Gray early morning light seeping through the window bars, my thin blanket barely keeping away the chill of another dawn. I can hear The Guard, an early riser, moving around, whistling to his Alsatian: a vicious brute that growls at me and all other black men, having acquired but not lost its master’s biases. How I hate the Island and wonder, not for the first time, if I will live long enough to be free of this place. The Guard kicks hard at my door, jolting me out of the last moments of sleep. In spite of myself, I feel adrenaline flood my body.
“Maak gou,” he shouts. “We don’t have all blerrie day, you lazy skelm.”
His is a voice that cannot speak quietly; nothing less than a bellow would be satisfactory to this bull-like man. But I am grateful to him. Without his prodding, I would get no exercise at all, just grow into an old fat lag, squinting into the harsh light and lime dust of Robben Island. Today, however, I am going to punish him for this rude interruption to my sleep.

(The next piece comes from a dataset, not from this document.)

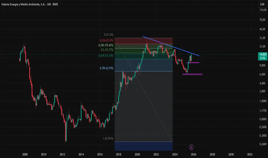 Analizada la serie de precios desde 2012 hasta 2021, se observa una corrección del 0,786 hasta los mínimos de 6,30 de abril de 2025.
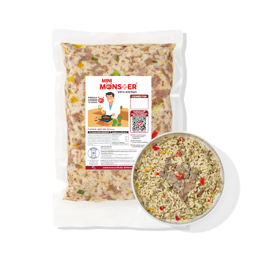 ส่วนผสม : เนื้อวัว, ตับวัว, ข้าวกล้อง, พริกหวานแดง, บร็อกโคลี, ฟักทอง, น้ำมันปลาแซลมอน, น้ำมันคาโนล่า, น้ำมันดอกคำฝอย, แคลเซียมคาร์บอเนต, VitaminPremix, MineralPremix, Choline Chloride 60%

I dress quickly and lace up my running shoes, jog outside, my breath billowing steam in the dawn air. The Guard is waiting for me, shifting from one foot to another.
“10K this morning,” I tell him. “And I’m setting the pace.”
We take off at a good clip, leaving behind the old guards’ barracks where I share a cottage with him, since both our families stayed on in Cape Town. We jog past the prison gate with the inscription “We serve with pride,” then out toward the penguin rookery near the harbor, muscles beginning to warm inside our tracksuits as we settle into our strides. We will cover the whole island several times and be back in about 45 minutes, ready for a hearty breakfast and then showered and dressed well before the first tourists arrive.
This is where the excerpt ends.